- 5 Sides of a Coin
- Directed by: Paul Kell
- Produced by: Paul Kell and Jana Ritter
- Starring: Kool Herc, Afrika Bambaataa, Grandmaster Flash, Grand Wizard Theodore, Gil Scott-Heron
- Cinematography: Paul Kell
- Edited by: Paul Kell
- Music by: Various Artists
- Distributed by: 7th Art Releasing
- Release date: 2003;
- Running time: 70 mins
- Country: Canada
- Languages: English, French, Japanese, German, Italian
- Budget: $16,000 CAD

= 5 Sides of a Coin =

5 Sides of a Coin is a 2003 feature-length documentary by Canadian filmmaker Paul Kell about hip hop culture.

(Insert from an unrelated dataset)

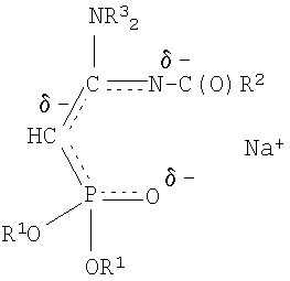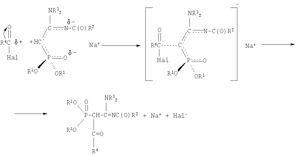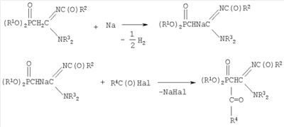 где R1=С3-С4– алкил или изоалкил; R2=СН3, С6Н5; R3=С2-С3 – алкил; R4=СН3, С6H5; заключающийся в получении натриевых производных С-фосфорилированных ацетамидинов путем взаимодействия С-фосфорилированных ацетамидинов с натрием с последующим ацилированием полученного натриевого производного галогенангидридами кислот, такими как бромистый или хлористый ацетил и хлористый бензоил, в среде диоксана при мольном соотношении натрий: С-фосфорилированный ацетамидин: галогенангидрид = 1:1:1÷1.1 соответственно и температуре 20÷50°С. Химическая схема предложенного способа получения N,N-диалкил,N’-ацил-(ацилдиалкоксифосфорил)этанамидинов: Реакции ацилирования сводятся к нуклеофильному замещению галогена в молекуле галогенангидрида, причем в качестве нуклеофильного реагента выступает анион СН-кислотного соединения. На основании изучения литературных данных можно утверждать, что реакция ацилирования натриевых производных С-фосфорилированных ацетамидинов протекает по механизму SN2. В галогенангидридах кислот на атоме углерода карбонильной группы имеется большой дефицит электронной плотности, обусловленный электроноакцепторным воздействием атома кислорода и атома галогена. Анион натриевого производного амидина можно рассматривать как амбидентный анион, в котором местом с наибольшей нуклеофильной реакционной способностью является атом углерода метиновой группы, а местом наибольшей электронной плотности – атом кислорода фосфорильной группы и атом азота иминогруппы. Принимая во внимание все вышесказанное, механизм взаимодействия галогенангидридов с Na-производными С-фосфорилированных ацетамидинов можно представить следующим образом: При выборе растворителя для проведения реакций ацилирования следует принять во внимание, что при использовании неполярных или малополярных растворителей натриевое производное существует в виде ионных пар, причем ион натрия координируется по местам с наибольшей электронной плотностью. Натриевому производному С-фосфорилированного ацетамидина правильнее приписывать структуру, согласно которой ион натрия координирован одновременно по атому кислорода фосфорильной группы и атому азота иминогруппы – местам с наибольшей электронной плотностью, а не по какому-либо одному из них или по атому углерода:

The title references the five elements inherent to this culture, viz., emceeing, deejaying, b-boying (aka breakdancing), writing (i.e., graffiti or street art), and beatboxing. Each element is highlighted individually throughout the film's five chapters.

== Synopsis ==
The documentary examines hip hop culture through interviews with hip hop artists such as Kool Herc, Mercedes Ladies, Jurassic 5, and Afrika Bambaataa. The interviews are interspersed with performance footage and archival footage from various periods of time in the history of hip hop.

== Critical reception ==
Critical reception for 5 Sides of a Coin has been mixed. Variety wrote a predominantly favorable review, commenting "Not quite definitive, "Five Sides of a Coin" is nevertheless a thorough overview of hip-hop's origins and influences. Nifty, well-executed docu emphasizes music's creative, bohemian side, skipping more commercial excesses." The New York Times also commented on the movie, praising Kell for the film's attention to music but also writing that "Still, you can't help but feel that something is missing, that hip-hop has been around long enough, and is complex enough, to deserve something more than piety."